Saturday, May 28, 2016

Digital Photography and Composites on an Amiga computer

Back in the mid '90s, I built a digital photography/compositing business around an Amiga 3000. There was even an interview with me published in Amiga Format magazine.

The Amiga 3000 was a great machine. I was using a desktop A3000 with a MicroniK case that gave me a lot more Zorro III and bridgeboard slots. At first, I used a video camera to capture still images, but that just wasn't high enough resolution for print. So as what I was doing expanded, I eventually ended up with a Phase 5 68060 accelerator and Cybervision 64 graphics card and a Polaroid digital camera that captured 1600x1200 tethered via the SCSI bus. Massive 128MB of RAM, a 1G Seagate SCSI, a 4G Fast SCSI 2 Micropolis AV drive on the Amiga SCSI bus, and a 4G Wide SCSI 3 Micropolis AV drive on the accelerator SCSI bus.

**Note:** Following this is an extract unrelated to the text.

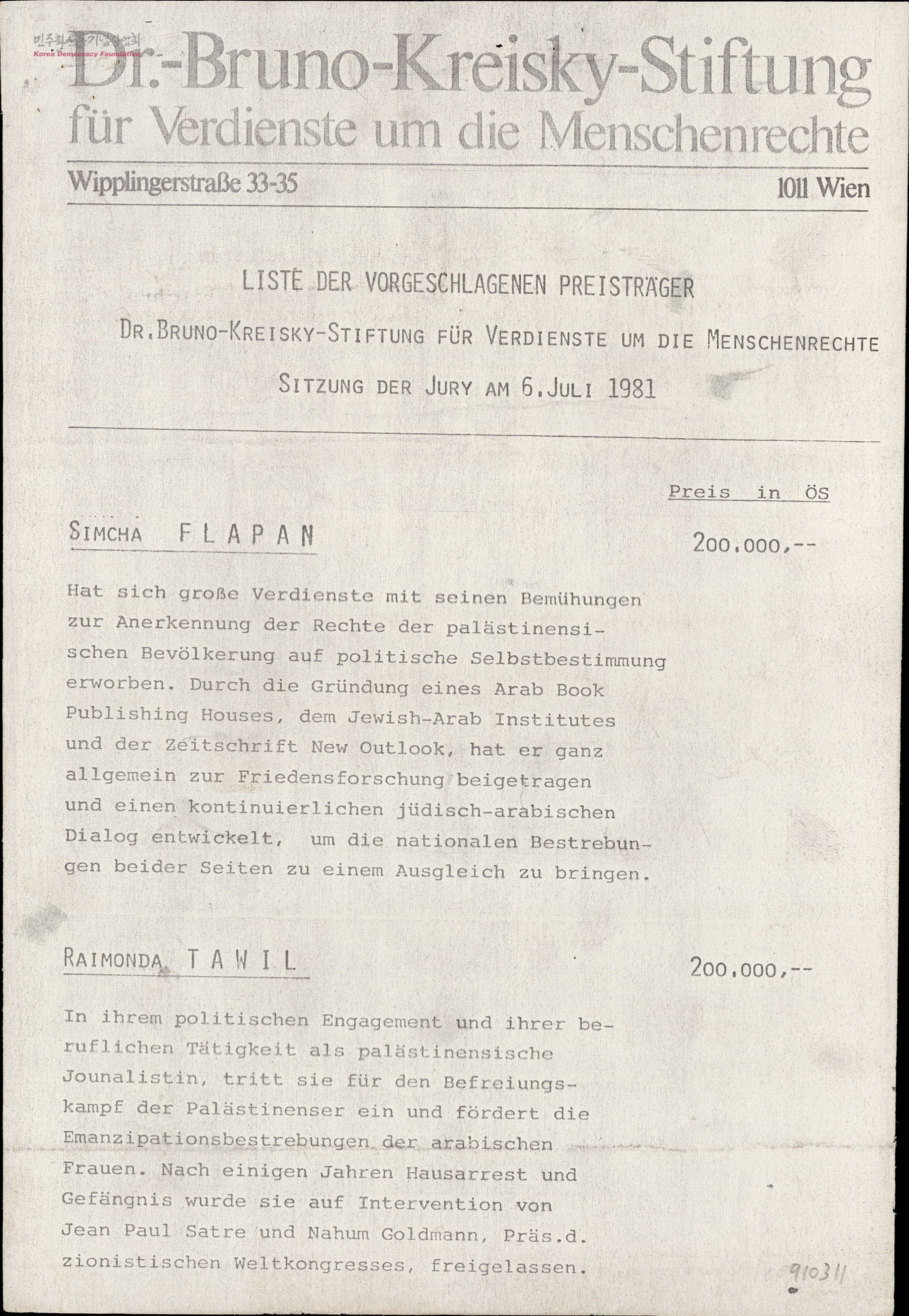 - Dr.-Bruno-Kreisky-Stiftung für Verdienste um die Menschenrechte

No Amiga drivers for the digital camera I was using (Polaroid PDC-2000), so I ran Shapeshifter and captured with Apple's Mac OS, System 6 (or 7, don't recall now). Since no Mac ever had a 680x0 greater than a 68040 and the PowerPC Macs at that time emulated the 68k chip, my Amiga was faster as a Mac than any Mac. How much faster? When I had the camera demo'd to me in Seattle on a PowerPC Mac, it took nearly 10 minutes to transfer an image from camera to computer. But my 68060 Amiga 3000 took about 15 seconds.

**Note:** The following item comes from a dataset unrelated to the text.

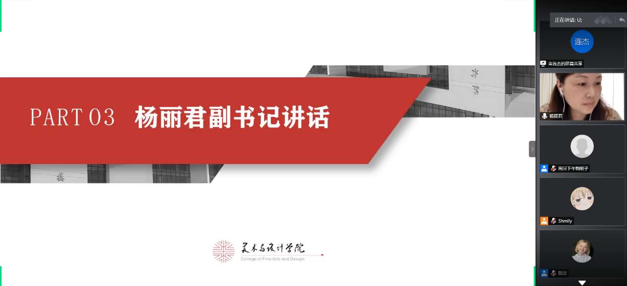 在评比之后,杨丽君老师对同学们的展示做了精彩的点评。杨书记既肯定了beat365官网学子优良学风以及在疫情期间的学习成果,同时也细心点评了参赛选手的不足,鼓励美院学子再接再厉,丰富五班十星各个项目全面发展。

We went to sci fi conventions and composited people into custom backdrops in their costumes. I'd have an inkjet printing out a high res glossy, which took about 15 minutes then, while I had Real3D (a 3D modeling/rendering program) rendering several scenes or elements in the background, while working on a multiple layered graphic at 2400x3000 pixels in ImageFX, then I'd pop over to Shapeshifter to snap someone in their costume while my wife posed them. Printing and rendering continued uninterrupted, and everything ran smooth as silk.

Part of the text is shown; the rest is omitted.